### Data provided
********************
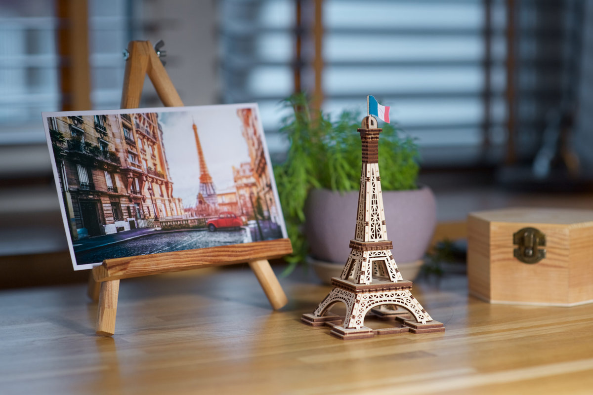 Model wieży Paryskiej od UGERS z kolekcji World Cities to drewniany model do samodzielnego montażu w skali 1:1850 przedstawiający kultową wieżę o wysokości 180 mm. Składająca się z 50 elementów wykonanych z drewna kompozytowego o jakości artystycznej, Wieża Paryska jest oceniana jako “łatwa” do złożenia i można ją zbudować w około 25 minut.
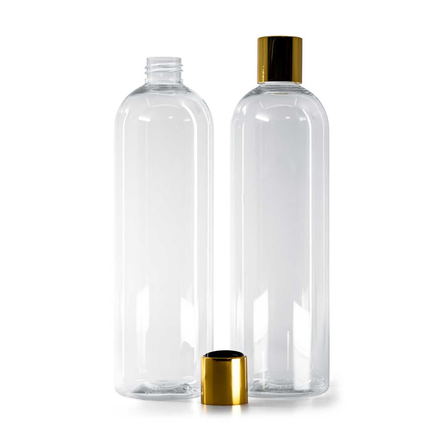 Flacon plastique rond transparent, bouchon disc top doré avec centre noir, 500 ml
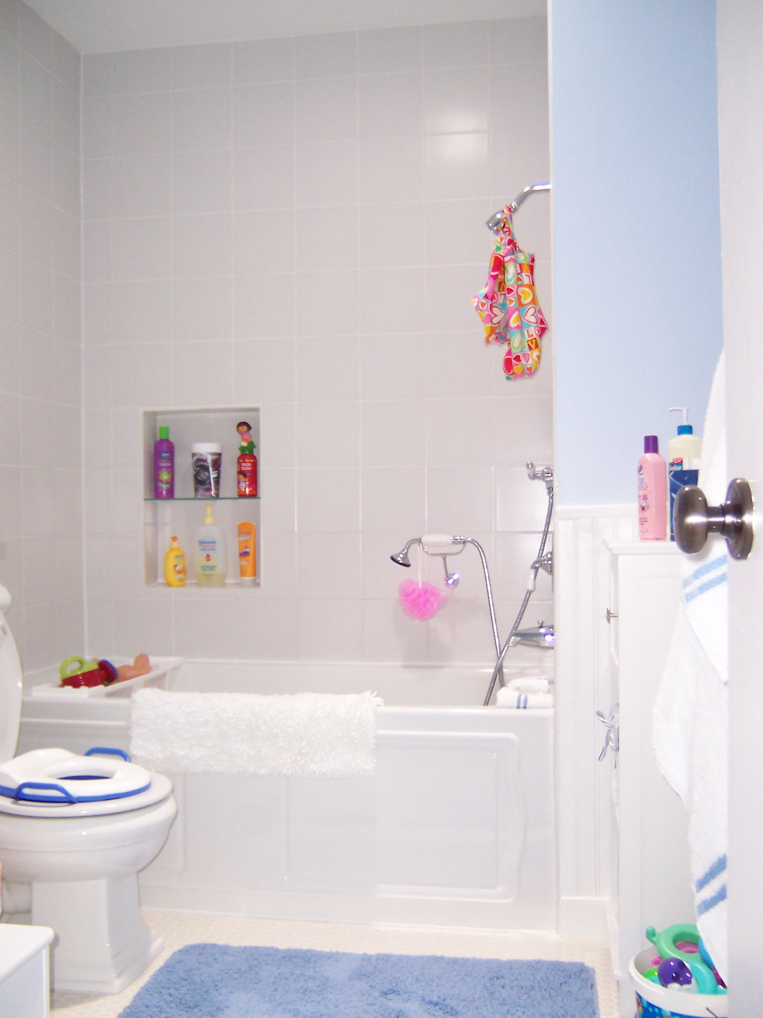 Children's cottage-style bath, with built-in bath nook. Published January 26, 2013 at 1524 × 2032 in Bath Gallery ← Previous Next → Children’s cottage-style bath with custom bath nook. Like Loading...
********************
Your task is to restate word for word the lines from the top of the data to the line containing "Flacon plastique rond", both ends included, with every picture left out.

 Model wieży Paryskiej od UGERS z kolekcji World Cities to drewniany model do samodzielnego montażu w skali 1:1850 przedstawiający kultową wieżę o wysokości 180 mm. Składająca się z 50 elementów wykonanych z drewna kompozytowego o jakości artystycznej, Wieża Paryska jest oceniana jako “łatwa” do złożenia i można ją zbudować w około 25 minut.
 Flacon plastique rond transparent, bouchon disc top doré avec centre noir, 500 ml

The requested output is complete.